Opinion
No. 3260.
September 28, 2010.
Order, Supreme Court, New York County (Carol R. Edmead, J.), entered August 20, 2009, which, in an action for personal injuries sustained when a glass shower door in a cooperative apartment shattered, granted defendant-respondent cooperative's motion pursuant to CPLR 3211 (a) (1) to dismiss the complaint as against it, unanimously affirmed, without costs.
Joseph Deliso Associates, Brooklyn (Joseph A. Deliso of counsel), for appellants.
Lester Schwab Katz Dwyer, LLP, New York (Harry Steinberg of counsel), for respondent.
Before: Gonzalez, P.J., Andrias, Acosta, Renwick and Abdus-Salaam, JJ.
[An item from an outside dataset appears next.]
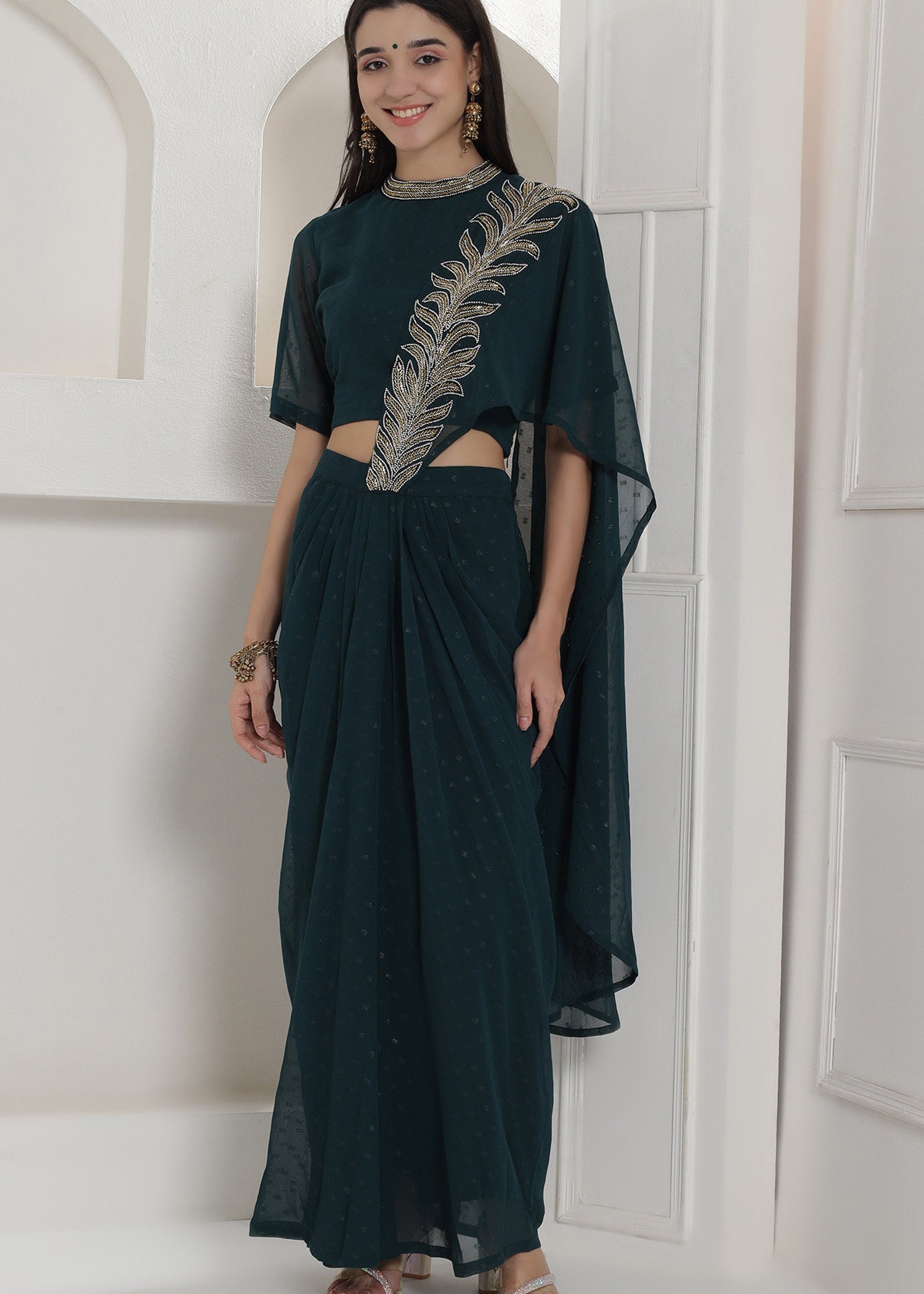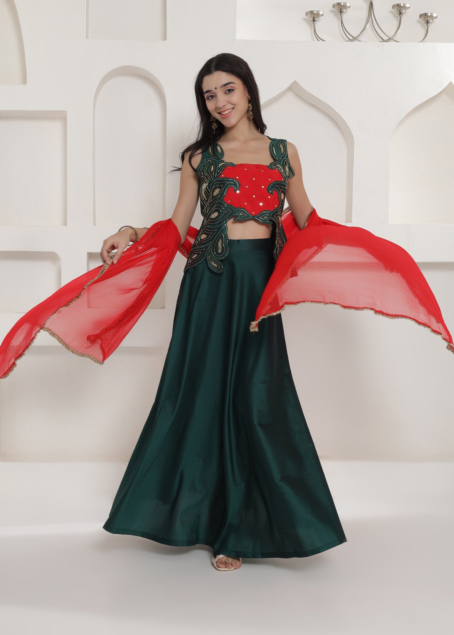 Dark Green Tafta Silk Lehnga Top And Dupatta Set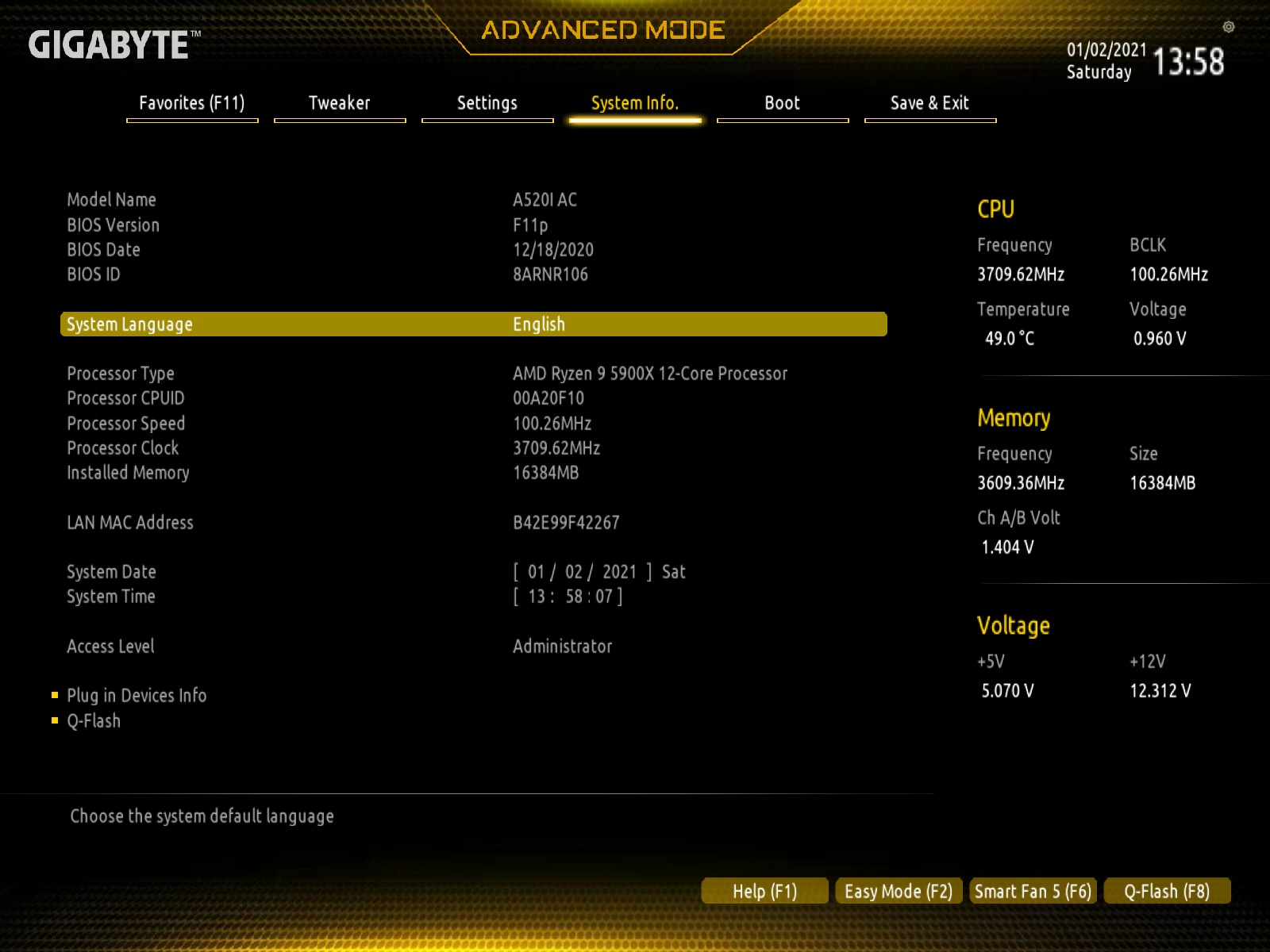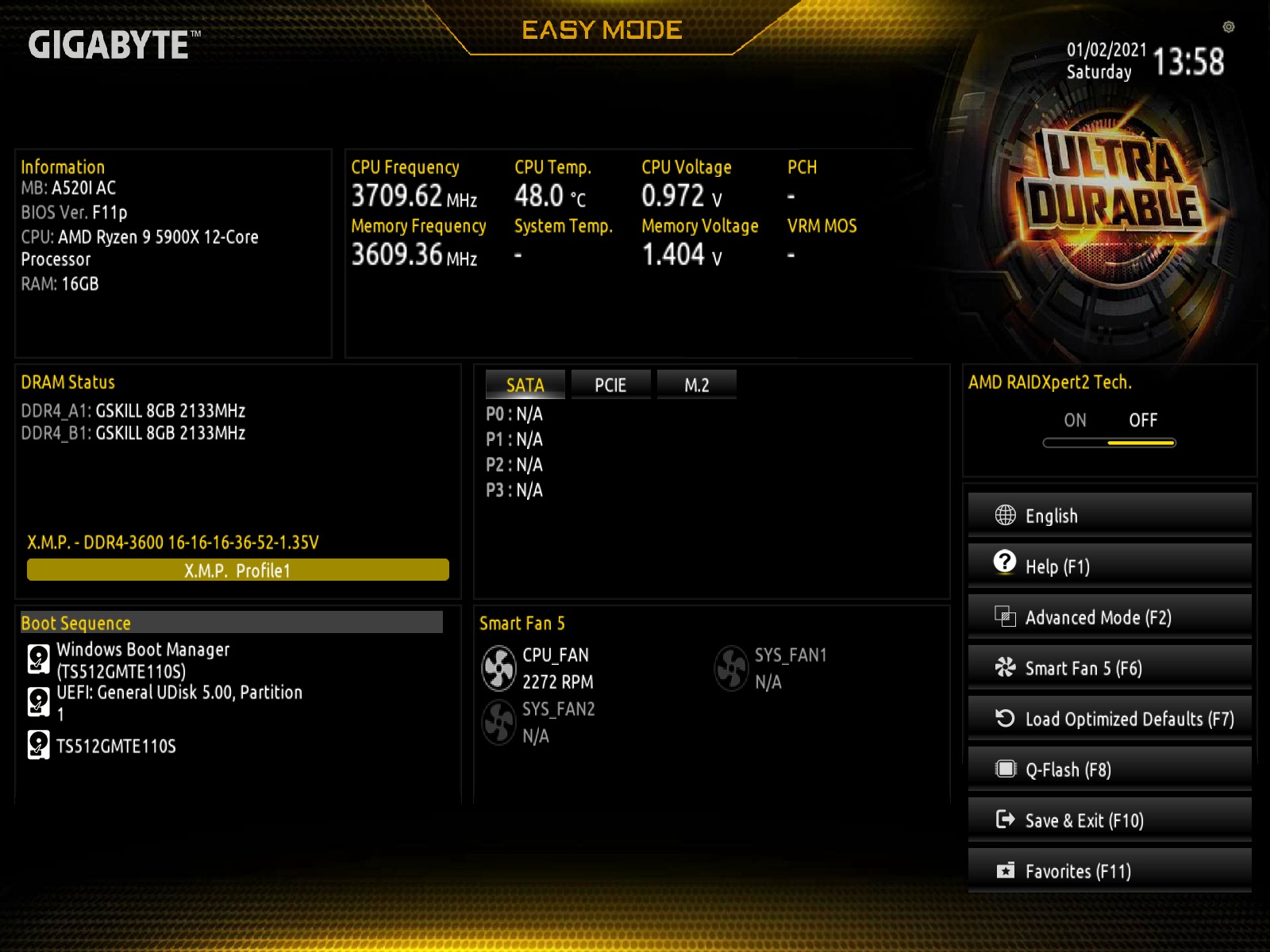 The UEFI BIOS on the GIGABYTE A520I AC comes in the same look and feel as the other motherboards from GIGABYTE. By default, users will be greeted with a Easy Mode interface, which can easily allow them to change basic setting such as memory profiles and boot priority. We could easily activate the 3600MHz XMP/DOCP profile on our memory without any hiccups.

The clause in the proprietary lease placing "sole responsibility" for maintenance and repair of the unit's interior, "including interior walls, floors and ceilings, but excluding windows . . . [and] entrance and terrace doors," on the unit's lessee, definitively establishes that defendant coop, the building's owner, owed plaintiffs, one of the unit's lessees and her injured spouse, no duty of care with respect to the allegedly defective shower door ( see Machado v Clinton Hous. Dev. Co., Inc., 20 AD3d 307; Blonder Co., Inc. v Citibank, N.A., 28 AD3d 180, 182). The coop's reservation of a right of reentry in the proprietary lease does not avail plaintiffs absent allegations that the shower door constituted a significant structural or design defect that violated a specific statutory provision ( see Boateng v Four Plus Corp., 22 AD3d 323). We have considered plaintiffs' other arguments and find them unavailing.